The San Francisco district attorney’s office issued a revised statement three days after its initial response to the lawsuit, disputing many of the underlying facts in Lê's complaint and correcting that Tanner’s son was 11-years-old during the time of the incident.
During the attack, Le said, Tanner threatened him with a glass bottle and said, “I’m going to kill you.” Tanner’s son then hit him with a baseball bat, according to the complaint. Boudin’s office clarified the baseball bat was plastic and photographs taken by police after the incident did not reveal any physical injuries to Lê.
Tanner’s public defender in the criminal case, Sliman Nawabi, said Le was berating the Tanner family for crowding the sidewalk, as reported by the San Francisco Chronicle.
Tanner is a “severely disabled man” who was in a wheelchair with his wife and children, Nawabi said, and his son feared for his family’s safety when he struck Lê with a plastic baseball bat.
The lawsuit alleges Boudin’s office violated the California Victims’ Bill of Rights by not notifying Le of plea deal discussions it was having with Tanner and not allowing him to give a statement at a court hearing where the plea deal was reached, making him “feel invisible.”
Boudin’s office said police did not file hate crime charges against Tanner and the district attorney’s office did not pursue those charges. A victim’s advocate met with Le more than two dozen times while the district attorney’s office tried the case, but Le did not respond to repeated messages from the office, according to the revised statement.
“In his lawsuit, Mr. Lê falsely asserted that our office settled the case without consulting him or receiving any input from him. This is not accurate,” Boudin’s office said. “The advocate also specifically reached out to Mr. Lê before the case resolved — and indicated that the case might resolve and that the assigned prosecutor wanted to discuss the potential resolution with him.”
Kasie Lee, chief of the district attorney’s office’s Victim Services Division, said victims often experience trauma and pain that goes beyond physical injuries.
“Given the lawsuit’s significant mischaracterizations of the events in this case — which have understandably led many community members to be upset and undermines the trust between crime victims and their advocates — we believe it is important to share correct information about the underlying case and explain the work of our office and our victim advocate in this case,” Lee said in a statement.
Nearly a third of Asian Americans in the San Gabriel Valley said they or their family members have experienced anti-Asian hate during the COVID-19 pandemic, a new survey found.
San Francisco Superior Court Judge Alexandra Gordon apologized to Le during a court hearing after he learned of the plea agreement that reduced Tanner’s charges to a misdemeanor.

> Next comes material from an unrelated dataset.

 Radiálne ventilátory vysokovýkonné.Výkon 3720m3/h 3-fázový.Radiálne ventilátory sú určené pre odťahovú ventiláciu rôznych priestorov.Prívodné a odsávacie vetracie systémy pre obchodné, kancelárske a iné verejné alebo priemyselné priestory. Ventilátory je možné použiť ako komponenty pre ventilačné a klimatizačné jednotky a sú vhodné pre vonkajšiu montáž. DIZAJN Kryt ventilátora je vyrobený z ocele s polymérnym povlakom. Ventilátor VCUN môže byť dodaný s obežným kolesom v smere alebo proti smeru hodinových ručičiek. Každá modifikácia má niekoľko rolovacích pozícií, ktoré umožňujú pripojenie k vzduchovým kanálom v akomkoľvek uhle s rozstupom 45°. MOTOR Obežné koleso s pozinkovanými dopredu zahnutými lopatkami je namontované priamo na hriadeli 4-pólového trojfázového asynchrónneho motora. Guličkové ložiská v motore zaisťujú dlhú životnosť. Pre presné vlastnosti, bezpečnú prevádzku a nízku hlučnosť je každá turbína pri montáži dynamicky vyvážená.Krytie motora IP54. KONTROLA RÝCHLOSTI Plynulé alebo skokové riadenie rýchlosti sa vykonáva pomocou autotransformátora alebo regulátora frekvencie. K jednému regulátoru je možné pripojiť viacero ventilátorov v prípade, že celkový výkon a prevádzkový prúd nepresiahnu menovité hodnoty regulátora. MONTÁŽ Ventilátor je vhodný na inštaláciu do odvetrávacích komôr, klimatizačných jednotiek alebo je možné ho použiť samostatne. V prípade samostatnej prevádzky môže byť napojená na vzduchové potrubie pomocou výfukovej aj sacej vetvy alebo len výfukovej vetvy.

“I can only apologize to you for the experience that you have had in this building, and for any part that the court has played in it. I am absolutely sorry,” Gordon said, according to a court transcript included with Lê’s lawsuit.
In his revised statement, Boudin said he’s proud of his office’s work for victims and he’s “disappointed by politically motivated efforts to mislead the public about our work and the facts of this case.”

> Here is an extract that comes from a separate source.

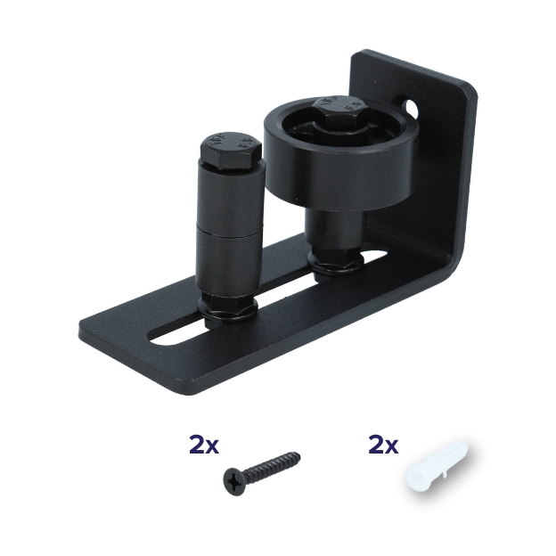 Verstelbare ondergeleider voor schuifdeur wandmontage grote rol mat zwart

On the day Le was attacked, the lawsuit claims, the Tanner family terrorized Asian Americans at a Chinatown herbal store and a woman who was threatened with the same baseball bat.

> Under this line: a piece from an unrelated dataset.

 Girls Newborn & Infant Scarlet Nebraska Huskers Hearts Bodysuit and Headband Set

At the time, Tanner was arrested on suspicion of felony elder abuse, felony terroristic threats and battery, but he was not charged with a hate crime, according to the lawsuit.
Attorney Quyen Ta of the San Francisco law firm King & Spalding, a member of the Alliance for Asian American Justice, is representing Le pro bono.
In his federal lawsuit, Le names Boudin in his official capacity as district attorney along with the city and county of San Francisco.
Le also filed a civil suit against Tanner in Superior Court in November alleging elder abuse and battery along with other charges.
San Francisco reported 60 victims of anti-Asian hate crimes in 2021, up from just nine in 2020, according to the Police Department.